The answer must be an exact reproduction of the lines from the start of the records below through the line containing "日前,第24届亚太质量组织国", and nothing more.
Listed records below:
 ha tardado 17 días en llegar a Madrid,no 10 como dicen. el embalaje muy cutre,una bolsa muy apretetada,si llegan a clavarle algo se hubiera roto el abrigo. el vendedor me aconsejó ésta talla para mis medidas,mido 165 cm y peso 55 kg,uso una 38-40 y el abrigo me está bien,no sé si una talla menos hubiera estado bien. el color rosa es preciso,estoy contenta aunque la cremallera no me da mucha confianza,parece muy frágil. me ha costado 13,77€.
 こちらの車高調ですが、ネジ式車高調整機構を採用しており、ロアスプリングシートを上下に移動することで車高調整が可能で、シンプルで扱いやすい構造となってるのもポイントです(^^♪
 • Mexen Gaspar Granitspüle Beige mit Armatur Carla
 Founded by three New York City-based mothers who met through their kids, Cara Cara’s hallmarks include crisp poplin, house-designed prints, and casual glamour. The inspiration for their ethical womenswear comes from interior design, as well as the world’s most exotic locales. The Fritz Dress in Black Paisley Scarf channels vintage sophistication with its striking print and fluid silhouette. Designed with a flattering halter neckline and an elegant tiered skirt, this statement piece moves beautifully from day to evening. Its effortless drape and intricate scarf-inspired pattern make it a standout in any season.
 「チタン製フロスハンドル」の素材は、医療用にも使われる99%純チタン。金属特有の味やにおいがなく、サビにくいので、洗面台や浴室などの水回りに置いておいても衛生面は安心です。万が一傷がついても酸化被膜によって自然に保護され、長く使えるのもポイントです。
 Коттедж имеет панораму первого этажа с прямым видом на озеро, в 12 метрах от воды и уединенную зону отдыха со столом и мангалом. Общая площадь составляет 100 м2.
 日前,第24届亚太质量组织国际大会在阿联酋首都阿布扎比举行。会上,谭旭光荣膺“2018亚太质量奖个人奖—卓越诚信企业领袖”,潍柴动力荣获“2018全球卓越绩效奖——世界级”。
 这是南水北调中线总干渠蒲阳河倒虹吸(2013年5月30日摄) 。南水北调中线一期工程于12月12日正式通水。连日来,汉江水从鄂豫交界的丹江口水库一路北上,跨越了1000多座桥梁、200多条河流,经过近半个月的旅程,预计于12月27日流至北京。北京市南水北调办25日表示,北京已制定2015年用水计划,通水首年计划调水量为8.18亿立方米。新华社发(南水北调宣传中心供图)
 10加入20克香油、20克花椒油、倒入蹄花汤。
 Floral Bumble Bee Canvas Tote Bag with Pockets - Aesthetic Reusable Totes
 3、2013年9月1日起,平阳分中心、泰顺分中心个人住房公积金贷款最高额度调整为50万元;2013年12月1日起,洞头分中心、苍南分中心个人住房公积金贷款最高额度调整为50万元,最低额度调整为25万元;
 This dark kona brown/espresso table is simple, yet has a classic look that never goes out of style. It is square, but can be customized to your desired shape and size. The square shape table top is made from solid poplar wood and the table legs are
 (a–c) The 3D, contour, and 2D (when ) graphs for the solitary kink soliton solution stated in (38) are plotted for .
End of Listed records.
Task output:
 ha tardado 17 días en llegar a Madrid,no 10 como dicen. el embalaje muy cutre,una bolsa muy apretetada,si llegan a clavarle algo se hubiera roto el abrigo. el vendedor me aconsejó ésta talla para mis medidas,mido 165 cm y peso 55 kg,uso una 38-40 y el abrigo me está bien,no sé si una talla menos hubiera estado bien. el color rosa es preciso,estoy contenta aunque la cremallera no me da mucha confianza,parece muy frágil. me ha costado 13,77€.
 こちらの車高調ですが、ネジ式車高調整機構を採用しており、ロアスプリングシートを上下に移動することで車高調整が可能で、シンプルで扱いやすい構造となってるのもポイントです(^^♪
 • Mexen Gaspar Granitspüle Beige mit Armatur Carla
 Founded by three New York City-based mothers who met through their kids, Cara Cara’s hallmarks include crisp poplin, house-designed prints, and casual glamour. The inspiration for their ethical womenswear comes from interior design, as well as the world’s most exotic locales. The Fritz Dress in Black Paisley Scarf channels vintage sophistication with its striking print and fluid silhouette. Designed with a flattering halter neckline and an elegant tiered skirt, this statement piece moves beautifully from day to evening. Its effortless drape and intricate scarf-inspired pattern make it a standout in any season.
 「チタン製フロスハンドル」の素材は、医療用にも使われる99%純チタン。金属特有の味やにおいがなく、サビにくいので、洗面台や浴室などの水回りに置いておいても衛生面は安心です。万が一傷がついても酸化被膜によって自然に保護され、長く使えるのもポイントです。
 Коттедж имеет панораму первого этажа с прямым видом на озеро, в 12 метрах от воды и уединенную зону отдыха со столом и мангалом. Общая площадь составляет 100 м2.
 日前,第24届亚太质量组织国际大会在阿联酋首都阿布扎比举行。会上,谭旭光荣膺“2018亚太质量奖个人奖—卓越诚信企业领袖”,潍柴动力荣获“2018全球卓越绩效奖——世界级”。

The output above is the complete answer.